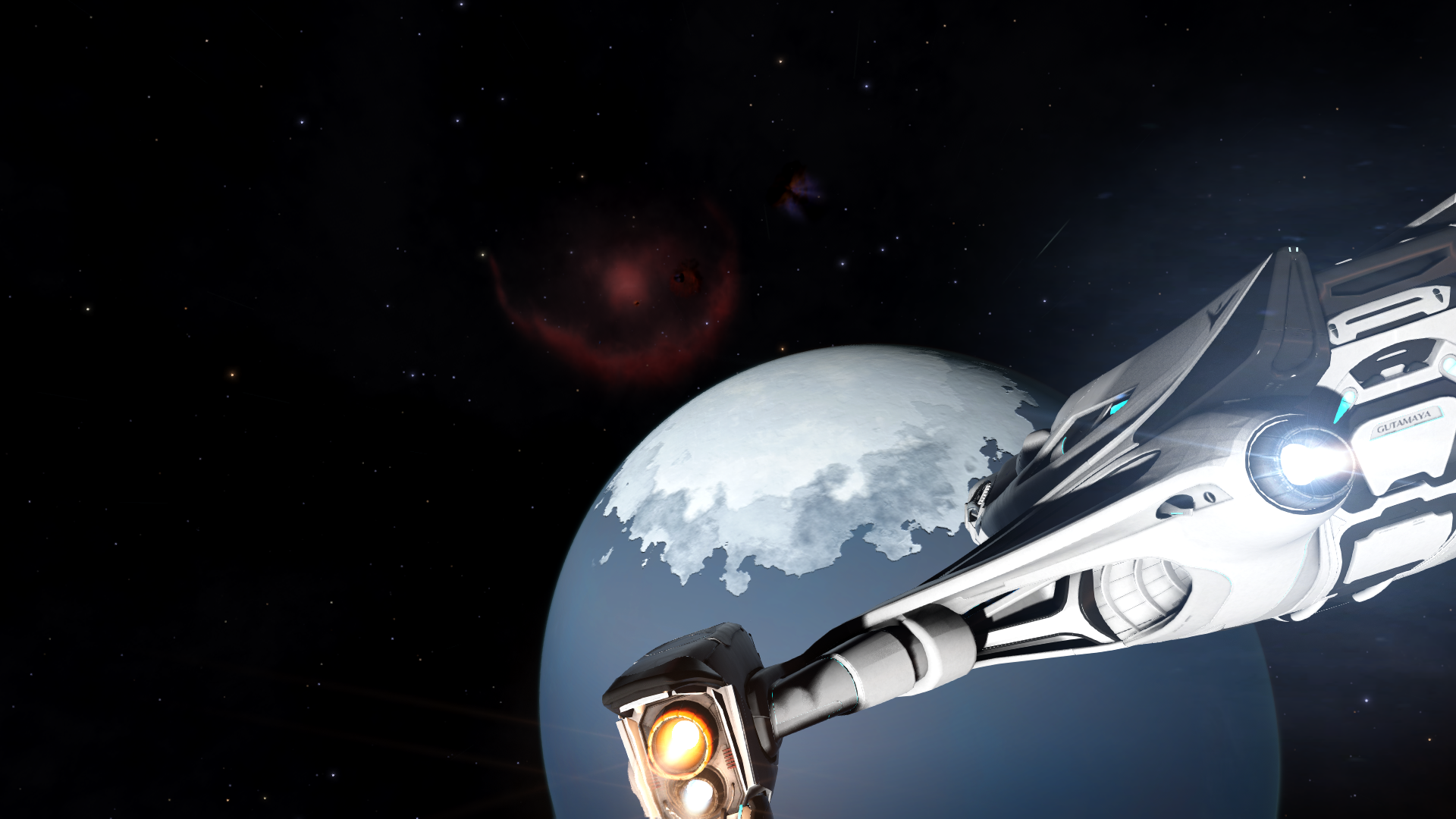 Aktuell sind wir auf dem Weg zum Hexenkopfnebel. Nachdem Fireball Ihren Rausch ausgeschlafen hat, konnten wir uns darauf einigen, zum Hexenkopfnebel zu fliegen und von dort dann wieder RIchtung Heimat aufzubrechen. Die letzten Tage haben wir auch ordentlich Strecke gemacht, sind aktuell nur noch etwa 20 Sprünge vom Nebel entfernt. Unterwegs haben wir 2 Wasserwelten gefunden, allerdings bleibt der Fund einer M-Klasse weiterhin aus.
****************************************
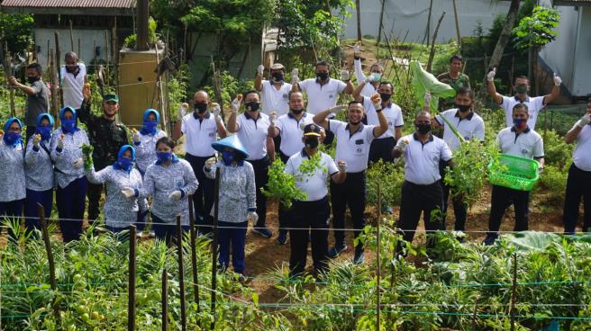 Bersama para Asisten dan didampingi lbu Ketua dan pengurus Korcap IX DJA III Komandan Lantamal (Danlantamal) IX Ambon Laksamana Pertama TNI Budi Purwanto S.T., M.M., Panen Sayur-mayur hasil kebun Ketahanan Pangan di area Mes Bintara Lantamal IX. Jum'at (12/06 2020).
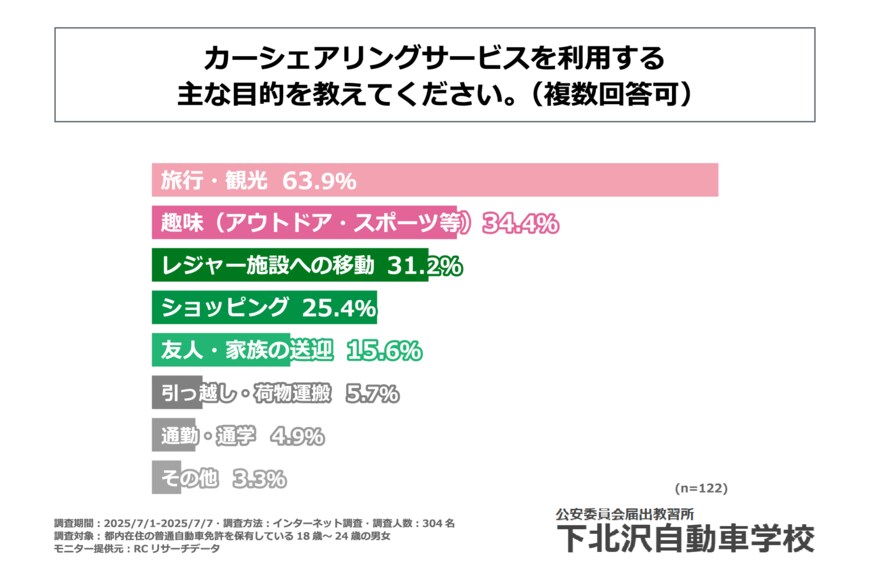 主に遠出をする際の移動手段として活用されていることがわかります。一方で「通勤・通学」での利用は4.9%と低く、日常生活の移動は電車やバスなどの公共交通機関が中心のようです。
****************************************
Look above for the line with "Bersama para Asisten" and the line with "主に遠出をする際の移動手段と", then restate exactly those two lines and all lines between them, with no pictures.

SOLUTION TO THIS EXERCISE:
 Bersama para Asisten dan didampingi lbu Ketua dan pengurus Korcap IX DJA III Komandan Lantamal (Danlantamal) IX Ambon Laksamana Pertama TNI Budi Purwanto S.T., M.M., Panen Sayur-mayur hasil kebun Ketahanan Pangan di area Mes Bintara Lantamal IX. Jum'at (12/06 2020).
 主に遠出をする際の移動手段として活用されていることがわかります。一方で「通勤・通学」での利用は4.9%と低く、日常生活の移動は電車やバスなどの公共交通機関が中心のようです。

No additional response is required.